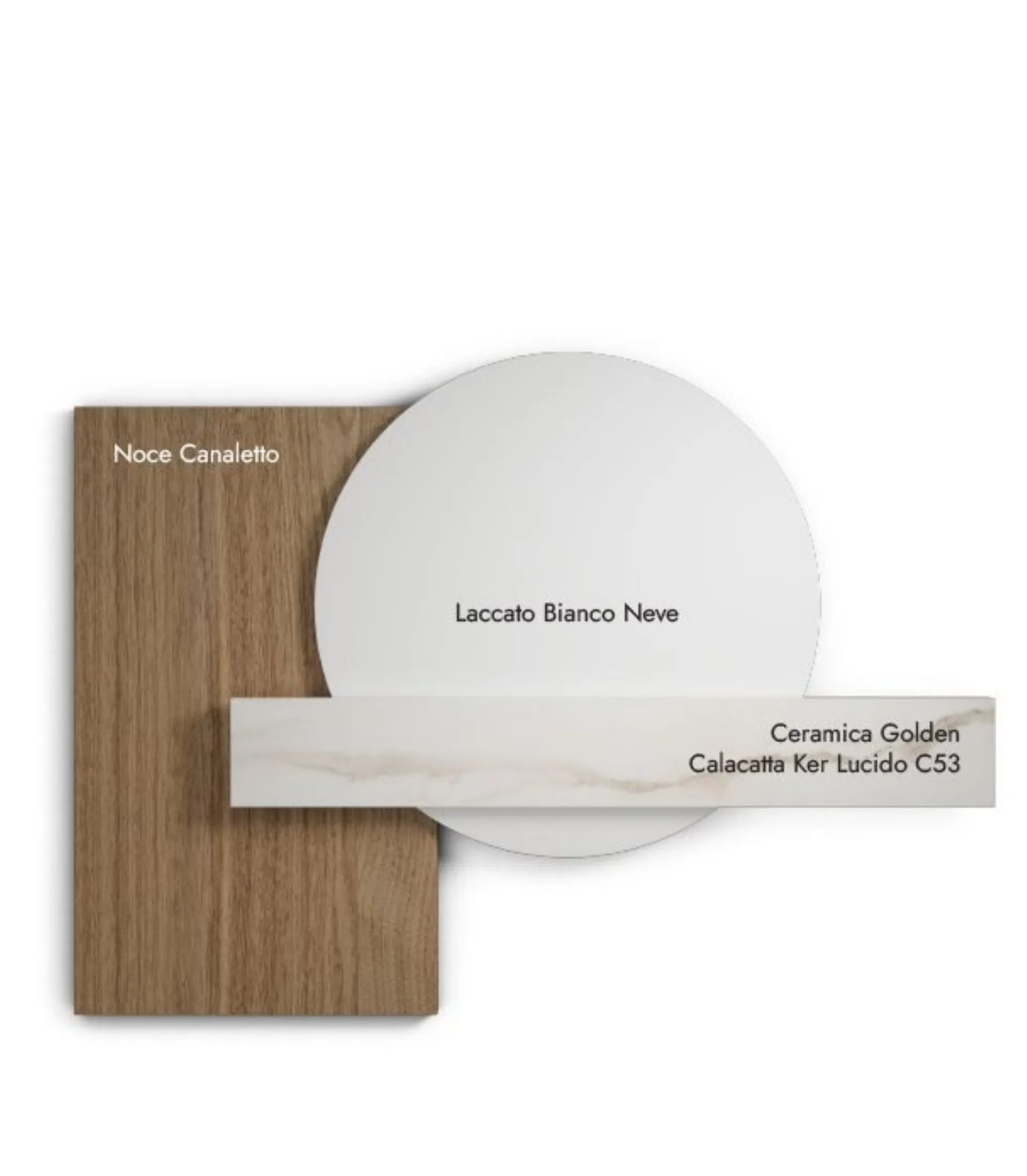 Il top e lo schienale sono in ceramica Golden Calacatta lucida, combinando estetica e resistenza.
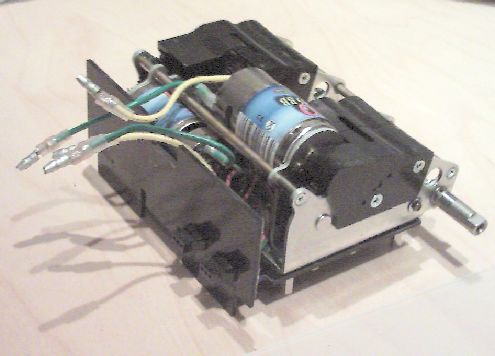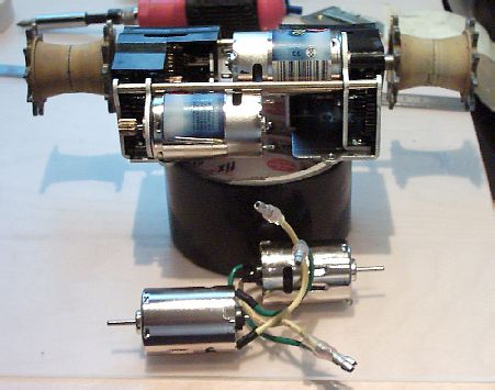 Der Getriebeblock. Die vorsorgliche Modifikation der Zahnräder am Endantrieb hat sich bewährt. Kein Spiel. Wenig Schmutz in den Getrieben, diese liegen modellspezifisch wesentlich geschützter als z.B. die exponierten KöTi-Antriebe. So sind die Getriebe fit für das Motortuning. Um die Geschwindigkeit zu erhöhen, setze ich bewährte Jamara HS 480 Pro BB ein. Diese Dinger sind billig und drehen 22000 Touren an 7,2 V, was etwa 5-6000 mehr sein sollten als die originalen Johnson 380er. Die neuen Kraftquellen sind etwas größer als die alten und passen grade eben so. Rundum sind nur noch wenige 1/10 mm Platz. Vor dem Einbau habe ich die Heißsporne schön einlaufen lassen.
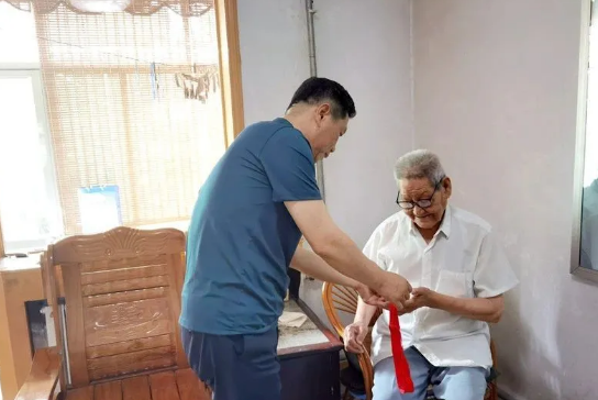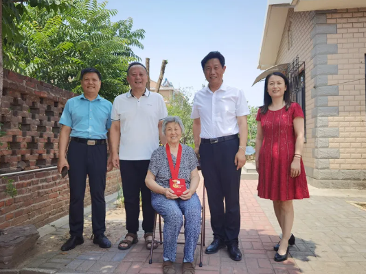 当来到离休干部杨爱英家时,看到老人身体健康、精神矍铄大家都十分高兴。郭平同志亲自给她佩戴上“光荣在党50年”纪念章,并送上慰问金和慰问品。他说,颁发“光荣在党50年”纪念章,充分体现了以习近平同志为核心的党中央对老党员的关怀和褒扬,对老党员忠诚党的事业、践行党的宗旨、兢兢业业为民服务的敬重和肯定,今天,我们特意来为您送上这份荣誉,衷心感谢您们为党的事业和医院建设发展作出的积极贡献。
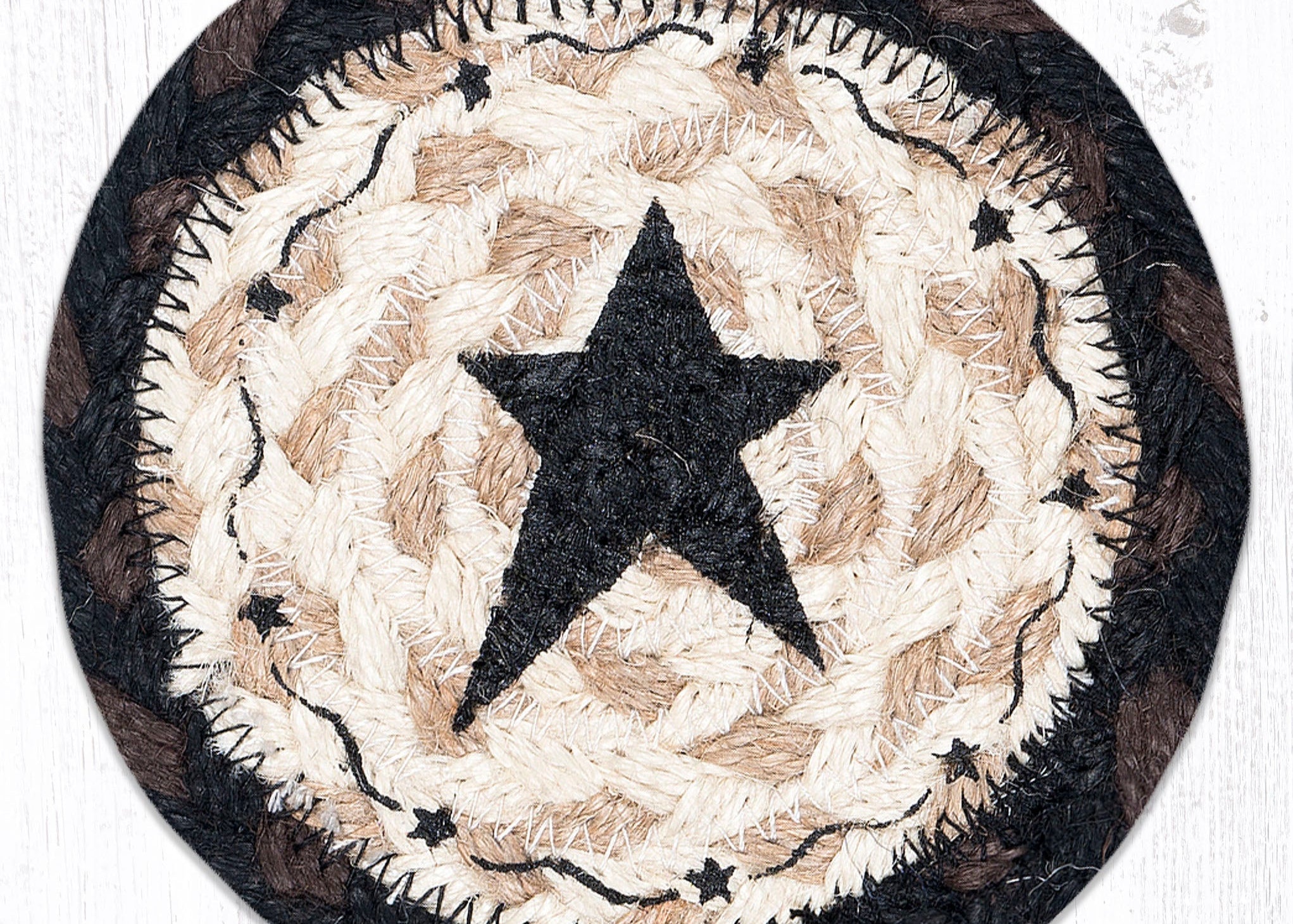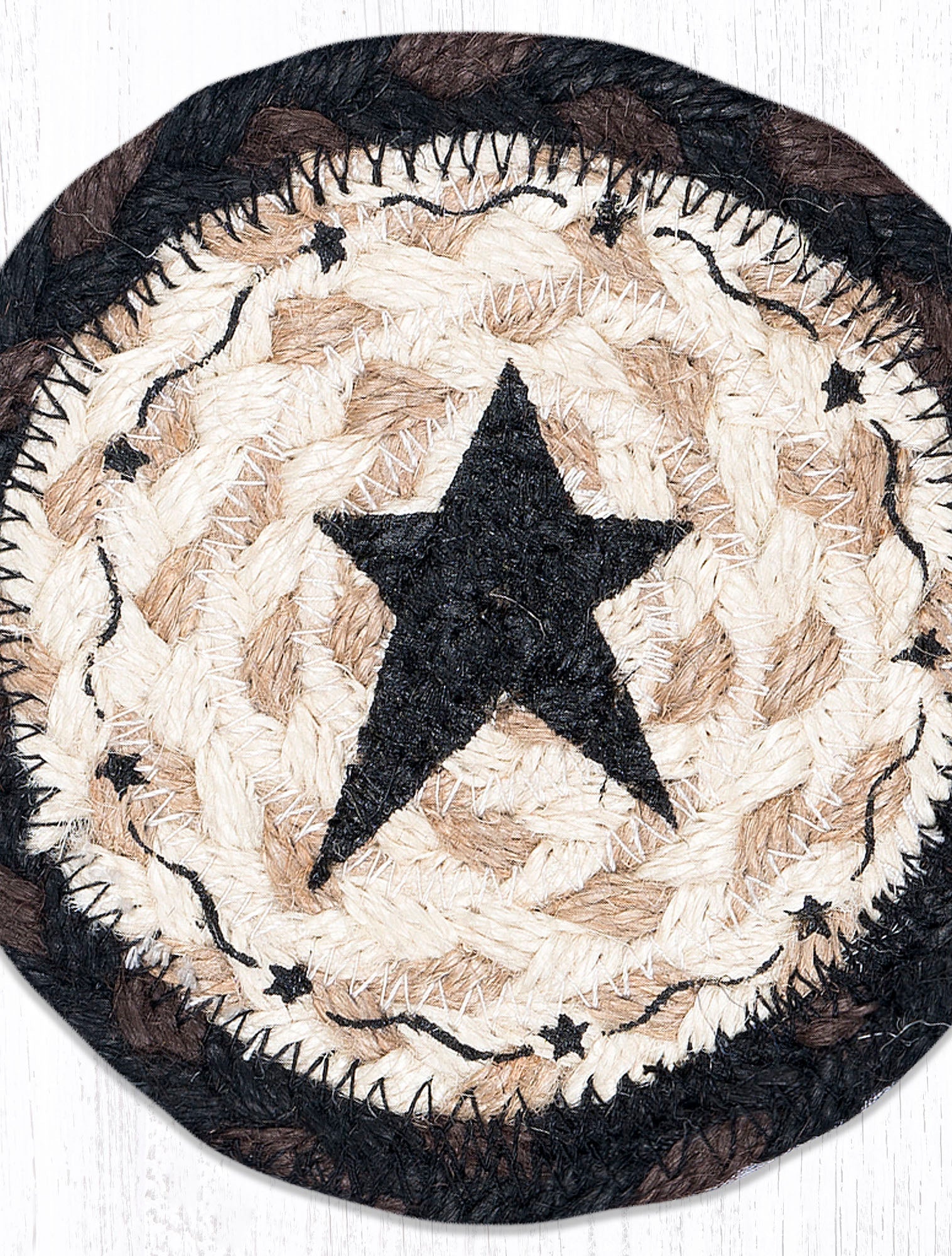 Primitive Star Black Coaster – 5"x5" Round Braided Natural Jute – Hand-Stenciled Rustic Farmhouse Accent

________

** YOUR OBJECTIVE **
Would you output the listing above verbatim, without its pictures?

** ANSWER SECTION **
 Il top e lo schienale sono in ceramica Golden Calacatta lucida, combinando estetica e resistenza.
 Der Getriebeblock. Die vorsorgliche Modifikation der Zahnräder am Endantrieb hat sich bewährt. Kein Spiel. Wenig Schmutz in den Getrieben, diese liegen modellspezifisch wesentlich geschützter als z.B. die exponierten KöTi-Antriebe. So sind die Getriebe fit für das Motortuning. Um die Geschwindigkeit zu erhöhen, setze ich bewährte Jamara HS 480 Pro BB ein. Diese Dinger sind billig und drehen 22000 Touren an 7,2 V, was etwa 5-6000 mehr sein sollten als die originalen Johnson 380er. Die neuen Kraftquellen sind etwas größer als die alten und passen grade eben so. Rundum sind nur noch wenige 1/10 mm Platz. Vor dem Einbau habe ich die Heißsporne schön einlaufen lassen.
 当来到离休干部杨爱英家时,看到老人身体健康、精神矍铄大家都十分高兴。郭平同志亲自给她佩戴上“光荣在党50年”纪念章,并送上慰问金和慰问品。他说,颁发“光荣在党50年”纪念章,充分体现了以习近平同志为核心的党中央对老党员的关怀和褒扬,对老党员忠诚党的事业、践行党的宗旨、兢兢业业为民服务的敬重和肯定,今天,我们特意来为您送上这份荣誉,衷心感谢您们为党的事业和医院建设发展作出的积极贡献。
 Primitive Star Black Coaster – 5"x5" Round Braided Natural Jute – Hand-Stenciled Rustic Farmhouse Accent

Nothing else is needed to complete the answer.